In the copy, include all of the listing exactly and none of its pictures.

*** Opening of Recorded information ***

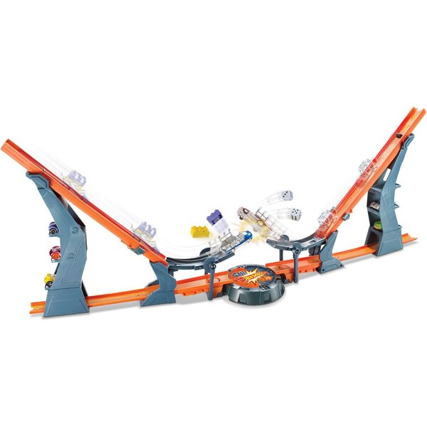 Dwie rampy, które można ułożyć równolegle lub przeciwstawnie do siebie, wyrzucą w powietrze dwa specjalne samochodziki! Samochodziki mają chwytaki, w których możesz zamontować różne przedmioty, aby zderzenia były jeszcze efektowniejsze. Ścigaj się równolegle lub zderzaj ze sobą dla efektownych kraks.
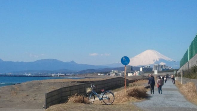 茅ヶ崎って、こんなに近くに富士山見えるんですね~。
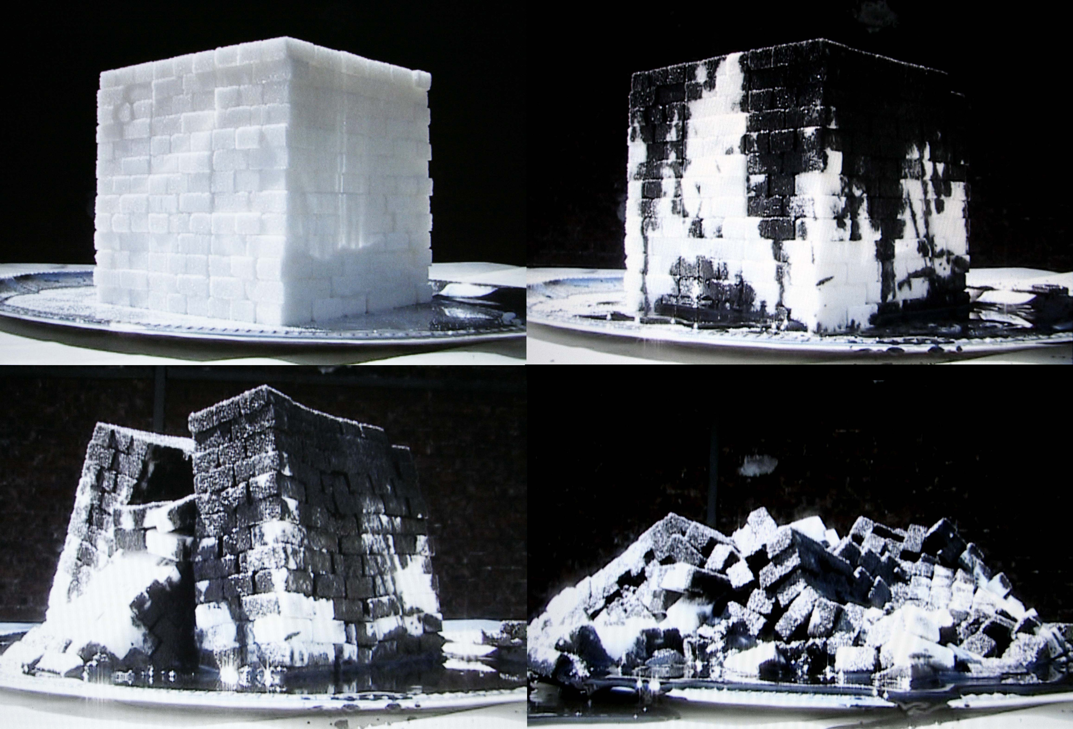La question d’une sur occupation de l’espace se pose d’ailleurs dans d’autres salles de l’exposition comme celle où Oil and Sugar au mur ne dialogue pas vraiment avec Untitled (Couscous) au sol, ceci malgré la cohésion entre le fond et la forme de chacune des deux œuvres. La première montre sur un écran une architecture cubique et blanche, réalisée de morceaux de sucres, qui s’effondre sous l’effet d’une coulée de pétrole. Le cube blanc est à la fois une référence au « white cube », l’emblème de l’architecture moderniste et de la construction cuboïde de la Kaaba vers laquelle se dirige la prière de la Mecque. Les matériaux utilisés symbolisent les échanges économiques et soulignent les liens entre architecture, religion, économie et champ artistique. La deuxième, Untitled (Couscous) au sol montre une vue aérienne de la ville de Ghardaïa sous la forme d’une maquette en couscous. Lorsque l’on sait que Le Corbusier séjourna dans la ville du Magreb cinq semaines en 1933, on prend conscience de la dette contractée par le célèbre architecte moderniste envers certaines architectures traditionnelles d’Afrique du Nord.
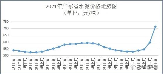 三、水泥價格大幅拉升,混凝土價格緊跟上漲。9月下旬,全省水泥平均購進價為每噸713元,環比上升19.83%。其中,珠三角、粵西、粵北和粵東地區購進價分別為每噸709元、725元、689元和734元,環比分別上升17.87%、17.38%、25.52%和27.85%。9月下旬全省混凝土平均批發價為每立方米605元,環比上升8.96%。

*** Close of Recorded information ***

**Answer to this problem**
 Dwie rampy, które można ułożyć równolegle lub przeciwstawnie do siebie, wyrzucą w powietrze dwa specjalne samochodziki! Samochodziki mają chwytaki, w których możesz zamontować różne przedmioty, aby zderzenia były jeszcze efektowniejsze. Ścigaj się równolegle lub zderzaj ze sobą dla efektownych kraks.
 茅ヶ崎って、こんなに近くに富士山見えるんですね~。
La question d’une sur occupation de l’espace se pose d’ailleurs dans d’autres salles de l’exposition comme celle où Oil and Sugar au mur ne dialogue pas vraiment avec Untitled (Couscous) au sol, ceci malgré la cohésion entre le fond et la forme de chacune des deux œuvres. La première montre sur un écran une architecture cubique et blanche, réalisée de morceaux de sucres, qui s’effondre sous l’effet d’une coulée de pétrole. Le cube blanc est à la fois une référence au « white cube », l’emblème de l’architecture moderniste et de la construction cuboïde de la Kaaba vers laquelle se dirige la prière de la Mecque. Les matériaux utilisés symbolisent les échanges économiques et soulignent les liens entre architecture, religion, économie et champ artistique. La deuxième, Untitled (Couscous) au sol montre une vue aérienne de la ville de Ghardaïa sous la forme d’une maquette en couscous. Lorsque l’on sait que Le Corbusier séjourna dans la ville du Magreb cinq semaines en 1933, on prend conscience de la dette contractée par le célèbre architecte moderniste envers certaines architectures traditionnelles d’Afrique du Nord.
 三、水泥價格大幅拉升,混凝土價格緊跟上漲。9月下旬,全省水泥平均購進價為每噸713元,環比上升19.83%。其中,珠三角、粵西、粵北和粵東地區購進價分別為每噸709元、725元、689元和734元,環比分別上升17.87%、17.38%、25.52%和27.85%。9月下旬全省混凝土平均批發價為每立方米605元,環比上升8.96%。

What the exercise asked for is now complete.